Canadian bishop can’t give permission for priest to run for office

Canadian bishop can’t give permission for priest to run for office

Ed Peters gives a canon law analysis of the claim by a Canadian priest that he has been given permission by his bishop to run for Parliament. Fr. Raymond Gravel is a former gay prostitute who has publicly dissented from the Church’s moral teaching in almost every area of sexual morality.

Ed says canon 285 is quite clear: “Clerics are forbidden to assume public offices which entail a participation in the exercise of civil power.” The only permission to violate such a clear-cut prohibition would have to come from the Supreme Legislator, the Pope. No bishop could dispense the priest from that ban.

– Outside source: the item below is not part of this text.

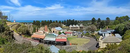 Flagstaff Hill Maritime Village is located in Warrnambool, a regional city on the south-western coast of Victoria, Australia. The museum is built on Flagstaff Hill that also holds the original lighthouses and Warrnambool Garrison.
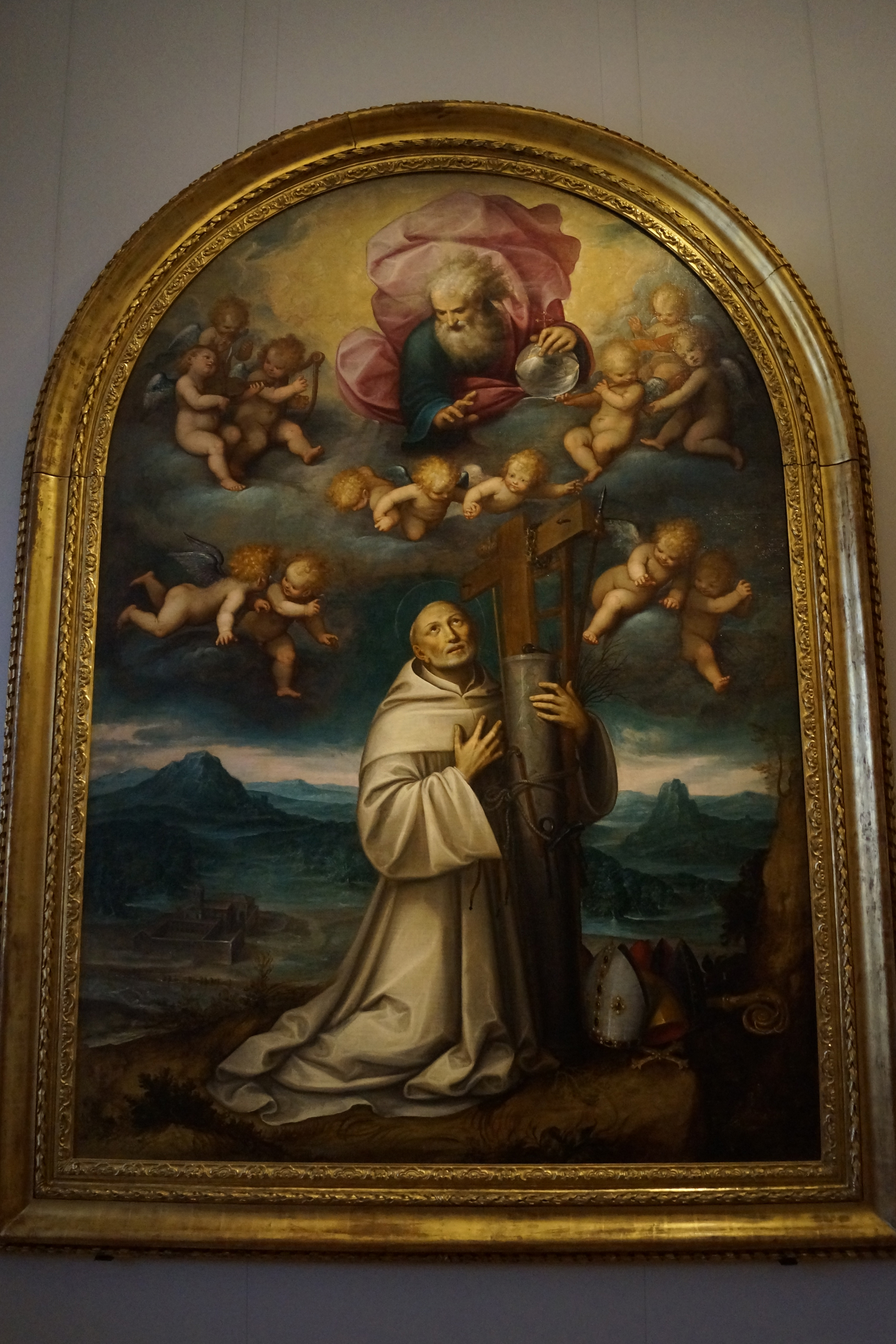 Панель "Богоматерь с младенцем, со святыми Иеронимом и Иоанном Крестителем на заднем плане" Джованни Мартино Спанцотти написал для частных молитв в конце своей карьеры около 1510 года. На переднем плане Мария с большой любовью и любовью сжимает Младенца, а на заднем плане, за пределами высокого парапета, мы видим фигуры Святых Иоанна Крестителя и Иеронима, которых часто считают образцами аскетической жизни.

The Joliette diocese has said through a spokesman that the bishop has given his permission, an act outside his competence and one that presents a grave scandal to the faithful. The first thing that should happen is that the metropolitan for the province, Cardinal Jean-Claude Turcotte of Montreal, should contact Bishop Gilles Lussier and tell him to rescind his illegal permission. After that—presuming Lussier refuses since he must know he can’t do this in the first place—the nuncio should contact him. If he still won’t listen, the Pope himself—probably through the Congregation for Bishops—would call Lussier on the carpet.

Such blatant disregard for Church teaching, for canon law, and for the scandal to the faithful cannot be tolerated. It would only further erode the waning regard that the Catholic faithful have.